Repeat only the lines from the one containing "Starting on April" to the final line below, exactly as they read, and leave every picture out.

Supplied information –
++++++++++
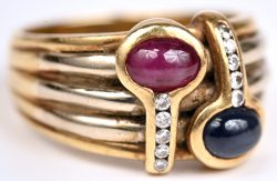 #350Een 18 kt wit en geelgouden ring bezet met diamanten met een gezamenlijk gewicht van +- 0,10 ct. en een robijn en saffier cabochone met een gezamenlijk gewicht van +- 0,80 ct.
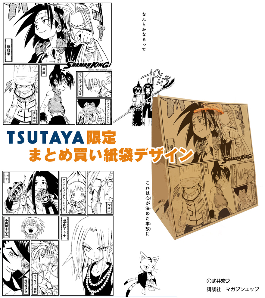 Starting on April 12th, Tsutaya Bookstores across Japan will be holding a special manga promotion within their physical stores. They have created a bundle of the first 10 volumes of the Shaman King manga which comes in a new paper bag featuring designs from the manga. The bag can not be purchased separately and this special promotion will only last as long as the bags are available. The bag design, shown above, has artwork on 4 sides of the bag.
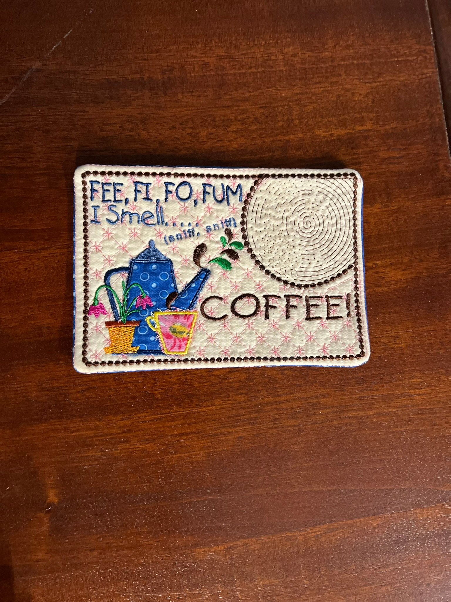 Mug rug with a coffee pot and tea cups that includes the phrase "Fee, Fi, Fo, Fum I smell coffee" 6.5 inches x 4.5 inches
++++++++++
Output of the task –
 Starting on April 12th, Tsutaya Bookstores across Japan will be holding a special manga promotion within their physical stores. They have created a bundle of the first 10 volumes of the Shaman King manga which comes in a new paper bag featuring designs from the manga. The bag can not be purchased separately and this special promotion will only last as long as the bags are available. The bag design, shown above, has artwork on 4 sides of the bag.
 Mug rug with a coffee pot and tea cups that includes the phrase "Fee, Fi, Fo, Fum I smell coffee" 6.5 inches x 4.5 inches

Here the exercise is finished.